Using It or Losing It? The Case for Data Scientists Inside Health Care

Article · May 4, 2017

As much as 30% of the entire world’s stored data is generated in the health care industry. A single patient typically generates close to 80 megabytes each year in imaging and electronic medical record (EMR) data. This trove of data has obvious clinical, financial, and operational value for the health care industry, and the new value pathways that such data could enable have been estimated by McKinsey to be worth more than $300 billion annually in reduced costs alone.

However, we believe that the health care industry does not currently appreciate the inherent value of these data, which can only be fully harnessed through better data analytics.
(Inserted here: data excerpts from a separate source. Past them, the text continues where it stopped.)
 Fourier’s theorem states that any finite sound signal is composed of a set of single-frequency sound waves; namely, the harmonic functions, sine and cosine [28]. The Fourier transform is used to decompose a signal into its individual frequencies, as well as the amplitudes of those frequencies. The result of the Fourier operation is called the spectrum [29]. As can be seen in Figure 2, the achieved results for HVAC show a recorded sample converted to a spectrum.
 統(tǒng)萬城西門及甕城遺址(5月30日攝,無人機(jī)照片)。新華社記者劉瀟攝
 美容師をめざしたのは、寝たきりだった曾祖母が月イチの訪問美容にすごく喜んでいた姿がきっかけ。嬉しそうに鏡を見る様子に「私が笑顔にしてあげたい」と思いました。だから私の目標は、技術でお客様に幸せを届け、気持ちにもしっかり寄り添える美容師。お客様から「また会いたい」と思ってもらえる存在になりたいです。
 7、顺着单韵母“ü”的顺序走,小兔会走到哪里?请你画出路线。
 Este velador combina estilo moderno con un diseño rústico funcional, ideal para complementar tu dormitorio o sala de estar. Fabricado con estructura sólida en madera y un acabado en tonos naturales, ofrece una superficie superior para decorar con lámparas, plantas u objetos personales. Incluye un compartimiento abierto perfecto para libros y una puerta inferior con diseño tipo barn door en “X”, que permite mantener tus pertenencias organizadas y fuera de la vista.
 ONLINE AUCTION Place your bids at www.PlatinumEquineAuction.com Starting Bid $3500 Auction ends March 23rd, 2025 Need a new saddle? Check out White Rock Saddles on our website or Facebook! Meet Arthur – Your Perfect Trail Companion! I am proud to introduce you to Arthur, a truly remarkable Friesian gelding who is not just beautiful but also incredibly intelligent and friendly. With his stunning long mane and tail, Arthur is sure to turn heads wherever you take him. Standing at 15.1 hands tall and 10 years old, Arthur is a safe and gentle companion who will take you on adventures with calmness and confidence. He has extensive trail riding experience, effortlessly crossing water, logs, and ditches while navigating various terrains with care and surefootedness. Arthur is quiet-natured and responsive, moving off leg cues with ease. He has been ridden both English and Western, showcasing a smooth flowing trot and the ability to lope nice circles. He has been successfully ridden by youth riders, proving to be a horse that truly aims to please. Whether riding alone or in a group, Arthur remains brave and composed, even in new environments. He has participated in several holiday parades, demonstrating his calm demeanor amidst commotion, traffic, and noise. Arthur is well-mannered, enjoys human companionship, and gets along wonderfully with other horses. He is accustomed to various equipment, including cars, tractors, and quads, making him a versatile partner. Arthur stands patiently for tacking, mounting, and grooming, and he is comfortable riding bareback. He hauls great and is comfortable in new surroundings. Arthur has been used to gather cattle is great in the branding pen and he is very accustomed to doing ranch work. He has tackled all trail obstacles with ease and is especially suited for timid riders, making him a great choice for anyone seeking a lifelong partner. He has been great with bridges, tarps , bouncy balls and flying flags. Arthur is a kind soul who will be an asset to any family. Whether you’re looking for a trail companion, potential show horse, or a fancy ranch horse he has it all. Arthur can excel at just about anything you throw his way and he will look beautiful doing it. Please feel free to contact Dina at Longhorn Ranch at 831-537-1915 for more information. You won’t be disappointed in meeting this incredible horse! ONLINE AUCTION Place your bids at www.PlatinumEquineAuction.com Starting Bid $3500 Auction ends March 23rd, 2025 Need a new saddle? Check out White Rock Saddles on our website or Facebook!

Furthermore, we maintain that if appropriate investments in data science are not made in-house, then hospitals and health systems will run the risk of becoming reliant on outsiders to analyze the data that ultimately will be used to inform decisions and drive innovation. In order to be successful, therefore, health care organizations will need to capture the value of their data by investing in data analytics and establishing this skill as a core competency.

The Crucial Value of Data — and Data Analytics

The value of big data in health care is realized only when this raw information is converted into knowledge that changes practice. That value arises through, for example, better and faster identification of shortfalls in adherence, compliance, and evidence-based care; more comprehensive sharing of data and insights inside a hospital and with health insurance partners and community stakeholders; and more customized partnering with individual patients to drive understanding of chronic conditions, enhance adherence and compliance, boost self-care, and avoid more costly treatments at more costly sites of care within a hospital’s overall population base.

To drive value improvements and ensure that the right patient receives the right care from the right provider at the right time and place requires data and data science professionals. Without good data science, good delivery science and good implementation science are impossible. Above all, realizing the value of data downstream requires a willingness to invest in smart data analytics upstream.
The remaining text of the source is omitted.